The dispute centred on the council’s determination to cut the refuse collection budget by £5 million. They claimed that Birmingham “is not meeting national productivity levels”, and that failing to improve productivity “is not an option”.
The council’s kneejerk reaction – as is so often the case with neoliberal employers – is to reduce staffing levels, and pay. One-hundred-and-thirteen ‘leading hands’ were to be cut from the workforce. Although the council generously stated that ‘ … all workers with an appropriate skills match’ would be offered new council jobs at the same pay grade. Note the weasel words ‘with an appropriate skills match’: boss-speak for ‘if your face fits’.
The council also stated its intention of replacing the current 4 x 9-hour shift week with 5-day working (albeit 5 x 7-hour shifts). The disturbance this would cause to family lives based around a 4-day working week was of no concern to the employer.
So here was the nub of the conflict; an attempt to impose new working conditions, with a much-reduced workforce, on new shift patterns. It is to the credit of the workers involved, and their union Unite that they stood firm in defense of their fellow workers jobs and pay.
Significant
For seven weeks they struck, and were clearly prepared to stick it out till Xmas if necessary. The refuse piled up, but the council was not interested in seeking a constructive resolution. They preferred to launch a propaganda campaign against the workforce, and sought to mobilise local residents to act as effective strikebreakers. In this they were ably assisted by the local and national media.

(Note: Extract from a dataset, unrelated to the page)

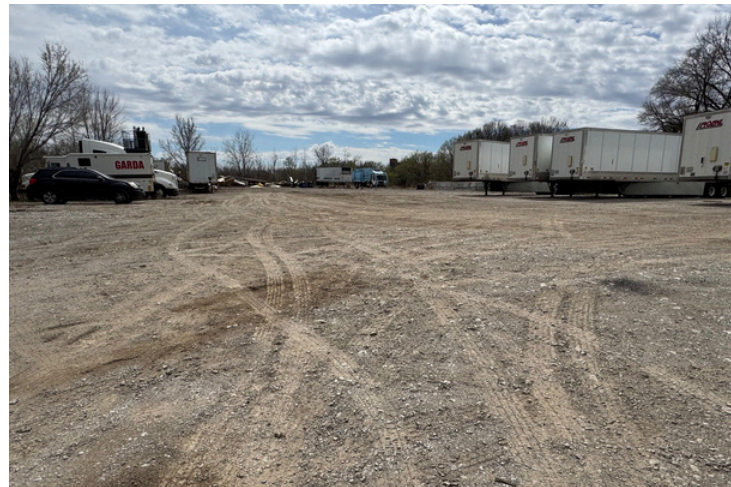
Back West Lot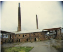
Former Ferry Terra Cotta & Enamelled Brickworks Office Albert Street Brunswick Kiln 1997

However, peace has temporarily broken out after the council leader personally intervened; the threat to the leading hands’ jobs and pay has been lifted, and Unite has suspended further industrial action while a full resolution is attempted. Part of the deal is that the union will recommend to its members that they consider changes to their work patterns. So there is no guarantee that we have seen the last of the action.

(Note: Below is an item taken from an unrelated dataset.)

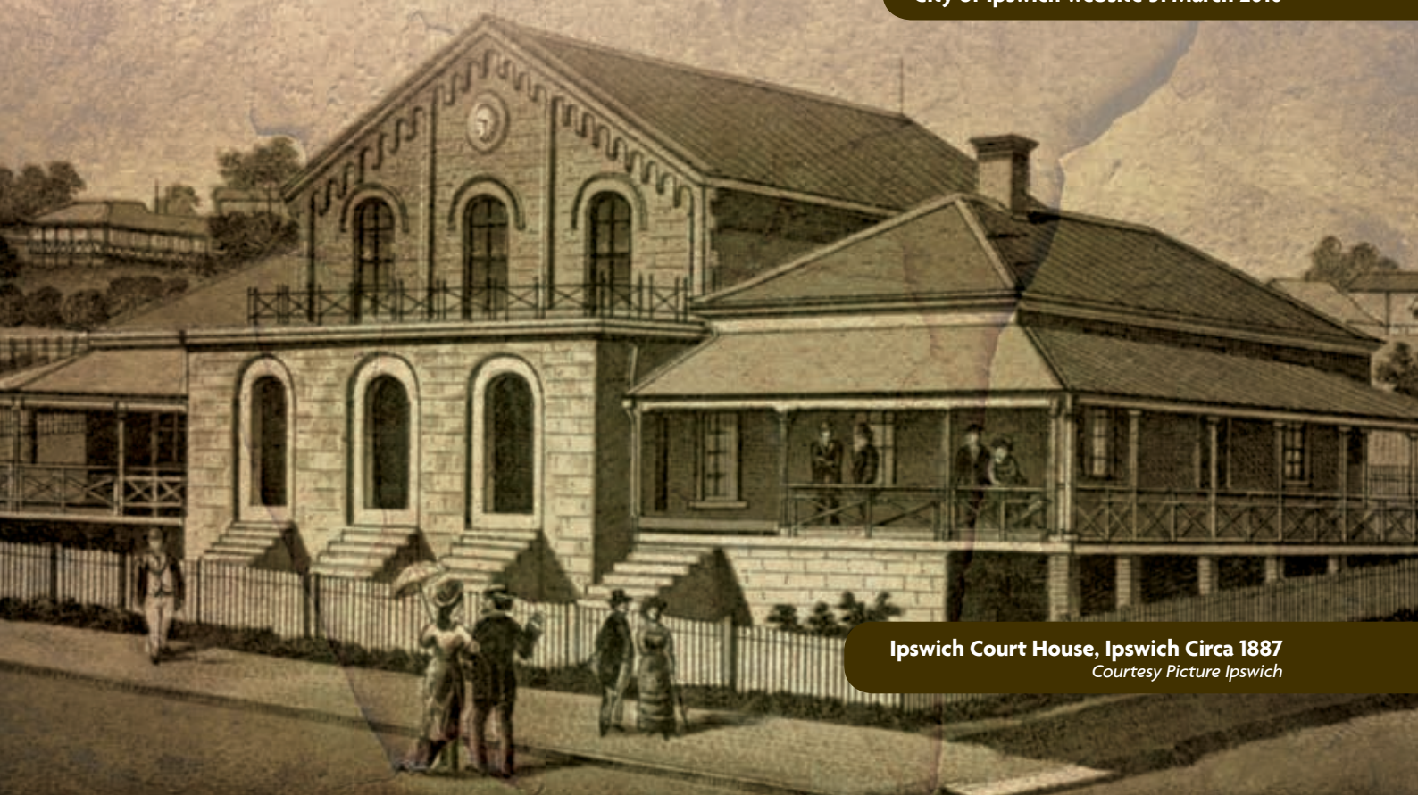
Ipswich Court House, Ipswich Circa 1887

Information courtesy of City of Ipswich website 31 March 2010

It is undoubtedly a significant win for the refuse workers, in that they have seen off a major attack on jobs and pay, but there is little doubt that the council still intends to cut costs. Indeed, the bloody-mindedness of some councillors can be seen from the statement the council put out immediately after the conciliation service ACAS’s press release (announcing the suspension of industrial action, and the lifting of the redundancy threats).

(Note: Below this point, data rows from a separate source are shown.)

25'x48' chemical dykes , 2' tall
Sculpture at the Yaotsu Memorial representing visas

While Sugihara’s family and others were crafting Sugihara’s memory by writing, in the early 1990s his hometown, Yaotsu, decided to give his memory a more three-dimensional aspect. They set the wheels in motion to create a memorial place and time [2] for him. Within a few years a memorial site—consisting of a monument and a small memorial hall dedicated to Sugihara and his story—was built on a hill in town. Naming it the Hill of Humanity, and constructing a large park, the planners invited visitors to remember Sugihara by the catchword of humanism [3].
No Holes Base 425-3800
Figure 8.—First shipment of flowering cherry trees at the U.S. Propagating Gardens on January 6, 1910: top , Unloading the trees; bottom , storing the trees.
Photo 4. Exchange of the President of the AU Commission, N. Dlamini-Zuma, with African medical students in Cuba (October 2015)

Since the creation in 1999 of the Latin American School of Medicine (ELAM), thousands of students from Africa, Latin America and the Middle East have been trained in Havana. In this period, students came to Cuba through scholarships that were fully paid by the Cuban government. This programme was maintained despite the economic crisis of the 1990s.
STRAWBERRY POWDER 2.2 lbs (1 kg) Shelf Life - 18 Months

The Birmingham council statement reads: “The ACAS statement does not represent the council’s official position, as the matter still has to be considered by cabinet members” which will take place at a special meeting this Thursday (Aug 24). Not exactly conciliatory, is it? It almost makes you think some councillors are disappointed that the council leader lowered the temperature.
While it is true that local government, Birmingham council included, is suffering from Tory cuts, it might be more constructive for them to concentrate their anger on the real cause – the Tory government’s infatuation with austerity and cuts. They could start by supporting Bristol’s mayor’s call for a day of action by local government on September 9, and following Nottingham council’s decision to pay for a coach to carry demonstrators to lobby Westminster on Tuesday September 12.
Staunch
They could use this as a platform to build for the national protest at the Tory party conference in Manchester, called by the People’s Assembly, on Sunday October 1.
Birmingham council face a very simple choice – either they register token protests over central government cuts, and then collude in attacks on their own workforce; or they take on the real enemy, the Tory government – in which case they will find staunch supporters among their own workers and their communities.
If they choose the former, then there is no doubt that the bin strike will prove to be just a start.